SOURCE MATERIAL section start

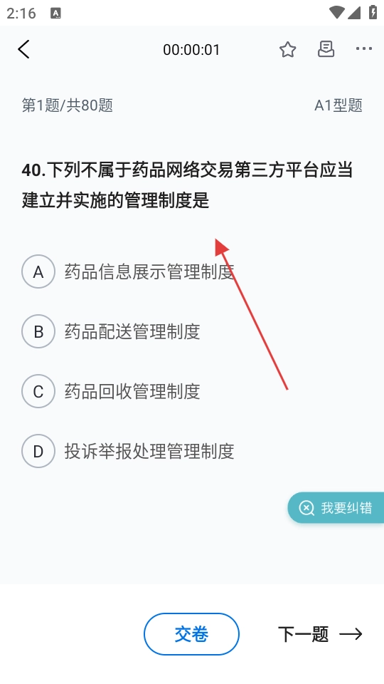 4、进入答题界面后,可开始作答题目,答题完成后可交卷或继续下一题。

SOURCE MATERIAL section end
SOURCE MATERIAL section start

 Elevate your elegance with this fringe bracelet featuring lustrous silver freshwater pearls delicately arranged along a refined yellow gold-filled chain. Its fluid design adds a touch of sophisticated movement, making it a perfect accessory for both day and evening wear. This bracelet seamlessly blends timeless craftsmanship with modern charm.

SOURCE MATERIAL section end
SOURCE MATERIAL section start

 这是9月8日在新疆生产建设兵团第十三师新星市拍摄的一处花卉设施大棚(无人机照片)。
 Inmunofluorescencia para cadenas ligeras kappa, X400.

SOURCE MATERIAL section end

From the listing above, the lines starting with the one that has "这是9月8日在新疆生产建设兵" and running through the one that has "Inmunofluorescencia para cadenas" should be copied exactly, ends included.

### FINISHED TASK:
 这是9月8日在新疆生产建设兵团第十三师新星市拍摄的一处花卉设施大棚(无人机照片)。
 Inmunofluorescencia para cadenas ligeras kappa, X400.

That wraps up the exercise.